- **DATASET CONTENT**
____

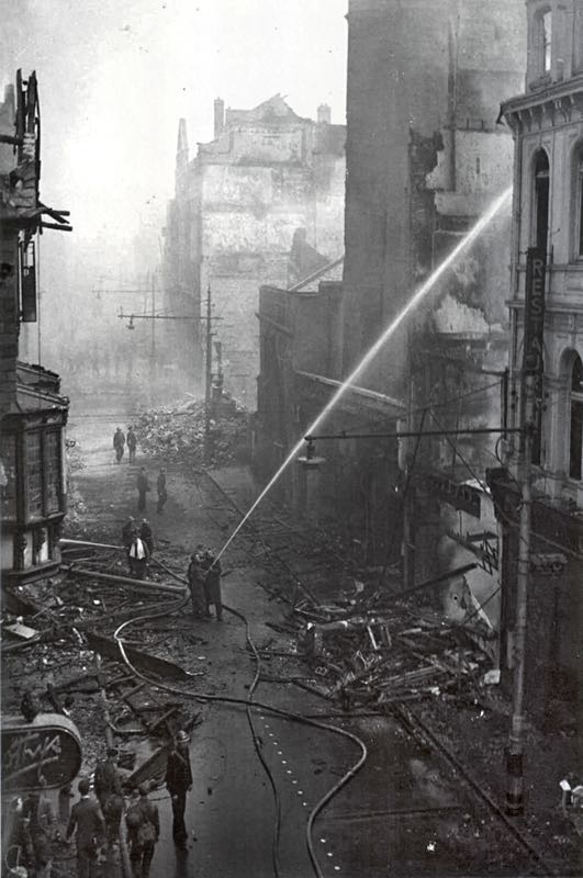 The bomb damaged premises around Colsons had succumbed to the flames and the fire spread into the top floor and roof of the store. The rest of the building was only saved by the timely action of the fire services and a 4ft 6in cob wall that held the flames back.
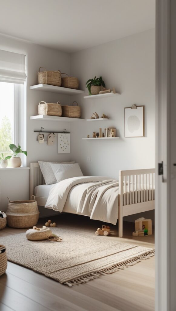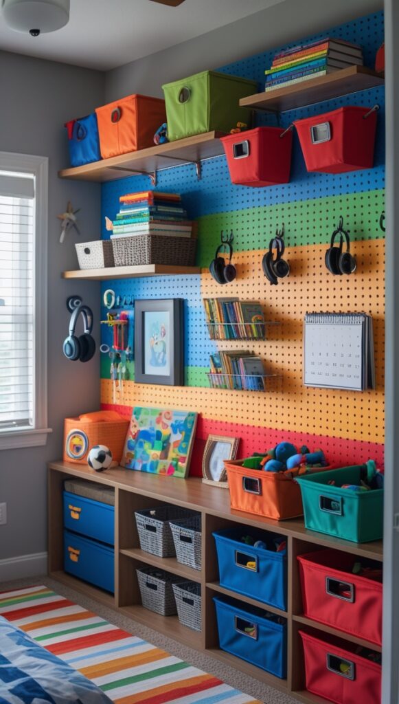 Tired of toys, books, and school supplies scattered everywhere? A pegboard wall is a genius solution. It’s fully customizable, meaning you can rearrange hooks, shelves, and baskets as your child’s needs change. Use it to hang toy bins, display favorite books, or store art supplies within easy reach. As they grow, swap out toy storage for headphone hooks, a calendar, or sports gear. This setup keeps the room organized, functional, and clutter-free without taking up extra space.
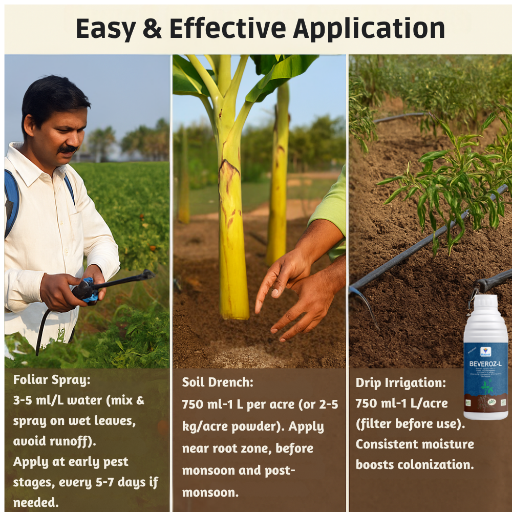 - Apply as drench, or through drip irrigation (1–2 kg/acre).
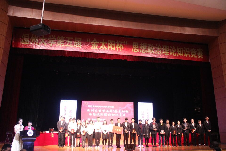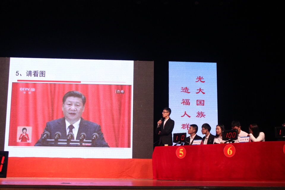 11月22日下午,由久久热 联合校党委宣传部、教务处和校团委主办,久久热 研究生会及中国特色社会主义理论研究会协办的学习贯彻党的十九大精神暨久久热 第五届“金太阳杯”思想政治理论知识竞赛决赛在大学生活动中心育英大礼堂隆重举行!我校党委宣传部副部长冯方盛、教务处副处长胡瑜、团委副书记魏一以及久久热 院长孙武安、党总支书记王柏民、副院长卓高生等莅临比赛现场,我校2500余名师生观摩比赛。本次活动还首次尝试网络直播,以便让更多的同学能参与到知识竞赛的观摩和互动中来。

____

- **WHAT IS BEING ASKED**
Except for the pictures, copy the material above exactly.

- **WRITTEN REPLY**
 The bomb damaged premises around Colsons had succumbed to the flames and the fire spread into the top floor and roof of the store. The rest of the building was only saved by the timely action of the fire services and a 4ft 6in cob wall that held the flames back.
 Tired of toys, books, and school supplies scattered everywhere? A pegboard wall is a genius solution. It’s fully customizable, meaning you can rearrange hooks, shelves, and baskets as your child’s needs change. Use it to hang toy bins, display favorite books, or store art supplies within easy reach. As they grow, swap out toy storage for headphone hooks, a calendar, or sports gear. This setup keeps the room organized, functional, and clutter-free without taking up extra space.
 - Apply as drench, or through drip irrigation (1–2 kg/acre).
 11月22日下午,由久久热 联合校党委宣传部、教务处和校团委主办,久久热 研究生会及中国特色社会主义理论研究会协办的学习贯彻党的十九大精神暨久久热 第五届“金太阳杯”思想政治理论知识竞赛决赛在大学生活动中心育英大礼堂隆重举行!我校党委宣传部副部长冯方盛、教务处副处长胡瑜、团委副书记魏一以及久久热 院长孙武安、党总支书记王柏民、副院长卓高生等莅临比赛现场,我校2500余名师生观摩比赛。本次活动还首次尝试网络直播,以便让更多的同学能参与到知识竞赛的观摩和互动中来。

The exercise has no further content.